During the "enhanced tactical" phase of the training exercises, the Brown Forces were to attempt an amphibious landing at Saros Bay in the Aegean Sea against the resistance offered by the Green Forces. Admiral Boorda ordered the units comprising each force to actively seek and "destroy" each other. Both task force commanders had full authority to engage the simulated enemy when and where they deemed appropriate and to use all warfare assets at their disposal to achieve victory.

During an exercise planning session on 1 October 1992, the battle group commander, Rear Admiral Philip Dur, ordered that a simulated attack on nearby opposition forces use Standard Missiles and Harpoon missiles. Sea Sparrow missiles aboard the USS Saratoga, an anti-aircraft defensive system, was not part of existing doctrine for fighting surface targets and had not been used before, either in exercises or in live combat operations against surface targets. The order to exercise simulated Sea Sparrow missiles was issued by the carrier's operations staff with the concurrence of the Admiral, who assumed these simulated engagements were to provide training to Saratoga watch standers. Saratoga's missiles were not required to engage opposition forces. The battle group commander's staff assumed that Sea Sparrow missile system would be "simulated" (meaning the missile stations would be unmanned). Just prior to midnight on 2 October 1992, when the exercise was scheduled to begin, Rear Admiral Dur ordered the USS Thomas S Gate (CG-51) to simulate engagement of Muavenet and other “hostile” ships with her missiles. Admiral Dur did not order Saratoga to conduct any simulated attacks. (see statement of Admiral Boorda (CINCSOUTH) of 1 December 1992). Without providing prior notice of the exercise, officers on Saratoga woke the enlisted Sea Sparrow missile team and directed them to conduct the simulated attack. According to U.S. Navy, certain members of the missile firing team were not told that the exercise was a simulation drill, rather than an actual firing event.

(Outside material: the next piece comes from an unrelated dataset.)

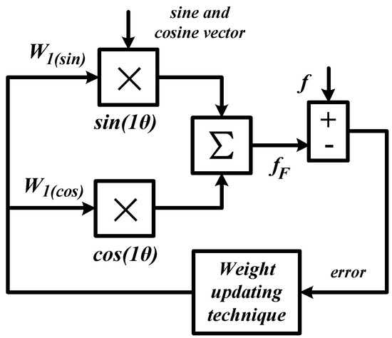 - Estimate fundamental current from the measured load current using the ADALINE method (Expression (5));
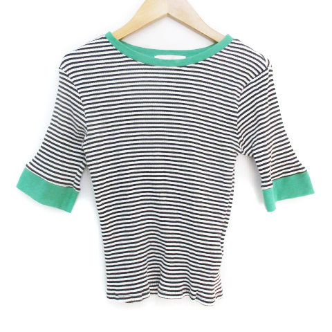 【中古】センスオブプレイス バイ アーバンリサーチ カットソー リブ 五分袖 ボーダー柄 F 白 黒 レディース

As the drill progressed, the missile system operator used language to indicate he was preparing to fire a live missile, but due to the absence of standard terminology, the supervisors failed to appreciate the significance of the terms used and the requests made. Specifically, the target acquisition system operator issued the command "arm and tune", terminology the console operators understood to require arming of the missiles in preparation for actual firing. The officers supervising the drill did not realize that "arm and tune" signified a live firing and ignored two separate requests from the missile system operator to clarify whether the launch order was an exercise. As a result, shortly after midnight on the morning of 2 October, Saratoga fired two Sea Sparrow missiles at Muavenet. The first missile struck in the bridge, destroying it and the combat information center. The second missile struck in the aft magazine but did not detonate. The explosion and resulting fires killed five of the ship's officers and injured 22. Nearby US Navy ships responded in aid to the Turkish ship, which was now without leadership. Fire and rescue teams boarded the ship and put out the fires in the bridge and the aft magazine, preventing any secondary explosions.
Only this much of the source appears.